Road in Metro Manila and Rizal, Philippines

F.P. Felix Avenue (Abenida F.P. Felix), also called by its former name Imelda Avenue (Abenida Imelda), is a four-lane major road which connects Marcos Highway to Ortigas Avenue Extension. It is one of the busiest roads in Cainta, Rizal, Philippines. The road is named after Francisco P. Felix, the longest-serving Mayor of Cainta from 1927 to 1941 and from 1945 until his death in 1980. It also serves as a boundary of Cainta and Pasig. It highly accessible by jeepneys, taxis, UV Express, tricycles, and private vehicles.

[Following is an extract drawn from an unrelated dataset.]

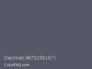 Decimal 4875256167 Color is a normal blue color and the nearest color is Scarpa Flow #585562. Hex code #545867 and RGB value is rgb(84,88,103). In RGB color space, this color is composed of 33% red, 35% green, 40% blue, In CMYK color space, this color is composed of 18% cyan, 15% magenta, 0% yellow , 60% black , In HSL color space, this color has a hue angle of 227° , 10% saturation and 37% lightness.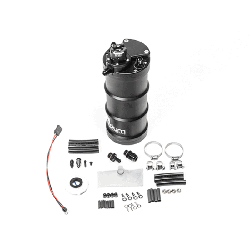 The FSTR-RA houses a single internal fuel pump and has an integrated fuel pressure regulator machined into the top cap. This eliminates the need for an external fuel pressure regulator along with extra fittings and hoses. It simplifies the installation, reduces overall cost, reduces weight, and eliminates potential leak points in the fuel system. Furthermore, this system permits cooler fuel temperatures as the fuel is not returning from the hot engine bay.

Previously a tertiary national road, it was upgraded in 2025 to a secondary national road and reassigned as a component of National Route 601 (N601) of the Philippine highway network.

==Proposed integration with C-6 Road==
This avenue is also on a proposal to become one of the service road segments of Circumferential Road 6, it will be later called "Lower C-6" connecting with Gil Fernando Avenue in Marikina, it intersects with Batasan–San Mateo Road, then intersects Commonwealth Avenue (segment of R-7 Road) in Quezon City until the very end point of "Lower C-6" at the corner between Lias Road and MacArthur Highway in Marilao, Bulacan. Meanwhile, the Southeast Metro Manila Expressway (SEMME) also known as Skyway Stage 4 or C-6 Expressway will be called "Upper C-6". And both upper and lower segments will intersect the North Luzon Expressway (NLEX) along Lias Road in arilao.

==Intersections==

| Province | City/Municipality | km | mi | Destinations | Notes |
| Rizal | Cainta |  |  | N60 (Ortigas Avenue) | Traffic light intersection; Southern terminus. Continues to Cainta as N601 (A. Bonifacio Avenue). |
|  |  | London Street | Access to Vista Verde Country Homes. |
|  |  | Village East Avenue | Access to Village East Executive Homes. |
| Pasig–Cainta boundary |  |  |  | Vista Verde Avenue Extension |  |
|  |  | Kaginhawaan Road | Southbound access only. |
|  |  | Kapayapaan Road |  |
|  |  | Kabayanihan Road |  |
|  |  | Karangalan Drive |  |
|  |  | Kayamanan Street | Northbound and southbound exit only |
|  |  | Kayumanggi Street | Northbound and southbound entrance only |
| Hakbangan Creek |  |  |  |  |  |
| Pasig–Cainta boundary |  |  |  | Jasmine Street / Hawaii Street | No access to opposite directions. Jasmine Street is closed and Hawaii Street is accessible to residents of Pasig Greenpark Village. |
|  |  | Benito Soliven Avenue | Accessible to residents of Cainta Greenpark Village only. |
| Rizal | Cainta |  |  | V.V. Soliven Avenue I |  |
|  |  | Sta. Lucia Drive | Access to Sta. Lucia Mall. |
|  |  | V.V. Soliven Avenue II | Northbound access only. |
|  |  | V.V. Soliven Avenue III | Northbound access only. |
| Marikina |  |  |  | N59 (Marikina–Infanta Highway) | Access to opposite directions via u-turn slot; Northern terminus. Continues to Marikina as Gil Fernando Avenue. |
1.000 mi = 1.609 km; 1.000 km = 0.621 mi Closed/former; Incomplete access;

==Landmarks==
Sta. Lucia East, Q. Plaza, ICCT College Cainta, Charm Residences, Greenpark Executive Village in Pasig and Karangalan Village in Cainta are the well-known landmarks in this road.